When the Killing's Done
- First edition
- Author: T. C. Boyle
- Language: English
- Publisher: Viking Press
- Publication date: February 22, 2011
- Publication place: United States
- Media type: Print (hardcover)
- Pages: 384 pp
- ISBN: 978-0-670-02232-8

= When the Killing's Done =

2011 novel by T. C. Boyle

When the Killing's Done is a 2011 novel by T. C. Boyle. The book is an environmental and family drama revolving around the Channel Islands of California—specifically Anacapa Island and Santa Cruz Island—and the controversy surrounding efforts by the National Park Service and its partners to eradicate invasive species and revitalize the islands' natural communities.

==Synopsis==
In the novel, Dave Lajoy is an impassioned activist for animal rights. He leads an attempt to prevent Alma Boyd Takesue—a biologist and spokesperson for the National Park Service—from removing rats and pigs from the islands.

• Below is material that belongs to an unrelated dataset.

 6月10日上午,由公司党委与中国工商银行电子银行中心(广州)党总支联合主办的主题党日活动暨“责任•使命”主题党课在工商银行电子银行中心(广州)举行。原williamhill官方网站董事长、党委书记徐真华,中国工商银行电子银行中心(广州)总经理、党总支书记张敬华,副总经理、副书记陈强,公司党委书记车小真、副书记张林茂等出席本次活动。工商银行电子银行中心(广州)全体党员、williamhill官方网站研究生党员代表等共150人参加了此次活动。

The novel also flashes back to events on the islands during the 1940s and 1970s.

==Historical basis==
The novel was inspired by real events. Native wildlife populations on the islands, both part of Channel Islands National Park, had been pushed toward extinction by a variety of invasive species, including the golden eagle, black rats, and feral pigs and sheep. In 2001 and 2002 the National Park Service used poison to eradicate Anacapa Island's non-native black rats, and then partnered with other government agencies and the Nature Conservancy to remove feral pigs from Santa Cruz Island—-an operation the agencies completed in 2006.